◆ **Task goal**: Would you retype the listing below word for word, without any of its pictures?

◆ **Data provided**:
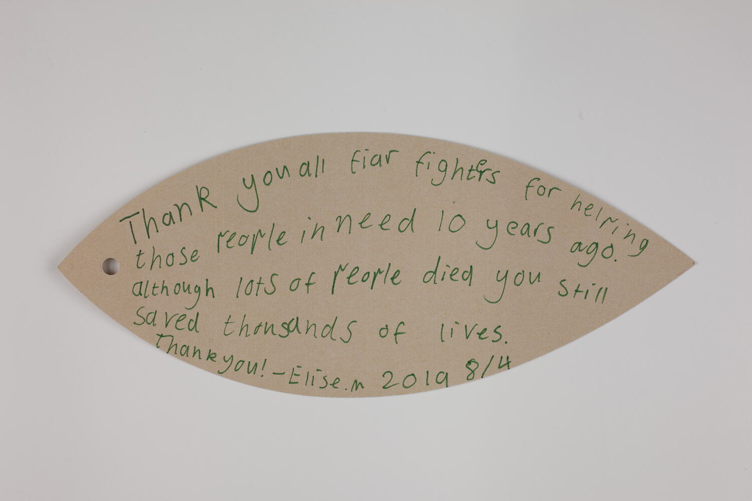Thank you all fiar [sic] fighters for helping / those people in need 10 years ago. / although lots of people died you still / saved thousands of lives. / Thankyou! - Elise. M 2019 8/4
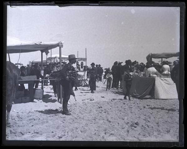 Glass negative showing a crowd of people on the beach for Ocean Day. Men, women and children browse through various stalls set up on either side of a pathway. A man in the foreground holds a pile of wooden sticks bundled in a blanket under one arm. Jersey Wash Day, also known as Salt Water Day or Ocean Day, was an annual event held the second Saturday of August near Wreck Pond in Sea Girt. Farmers living twenty to thirty miles from Sea Girt came to the sea to spend a day bathing and celebrating. The tradition, begun before 1853, stopped around the 1930s.
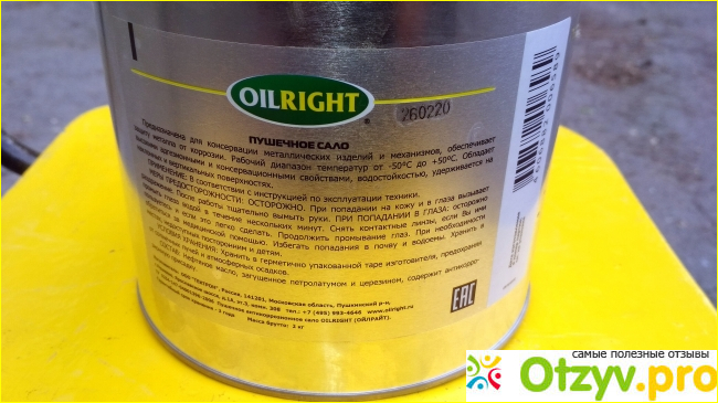 Пушечное сало "Ойлрайт" имеет в своем составе смолу, которая обладает высокой стойкостью к воздействию воды и агрессивных сред. Оно имеет густую консистенцию, благодаря чему легко ложится толстым слоем на металл и надежно защищает его от коррозии. Оно практически не вымывается водой и при правильном применении способно защитить металл на долгие годы.

◆ **Exercise result**:
Thank you all fiar [sic] fighters for helping / those people in need 10 years ago. / although lots of people died you still / saved thousands of lives. / Thankyou! - Elise. M 2019 8/4
 Glass negative showing a crowd of people on the beach for Ocean Day. Men, women and children browse through various stalls set up on either side of a pathway. A man in the foreground holds a pile of wooden sticks bundled in a blanket under one arm. Jersey Wash Day, also known as Salt Water Day or Ocean Day, was an annual event held the second Saturday of August near Wreck Pond in Sea Girt. Farmers living twenty to thirty miles from Sea Girt came to the sea to spend a day bathing and celebrating. The tradition, begun before 1853, stopped around the 1930s.
 Пушечное сало "Ойлрайт" имеет в своем составе смолу, которая обладает высокой стойкостью к воздействию воды и агрессивных сред. Оно имеет густую консистенцию, благодаря чему легко ложится толстым слоем на металл и надежно защищает его от коррозии. Оно практически не вымывается водой и при правильном применении способно защитить металл на долгие годы.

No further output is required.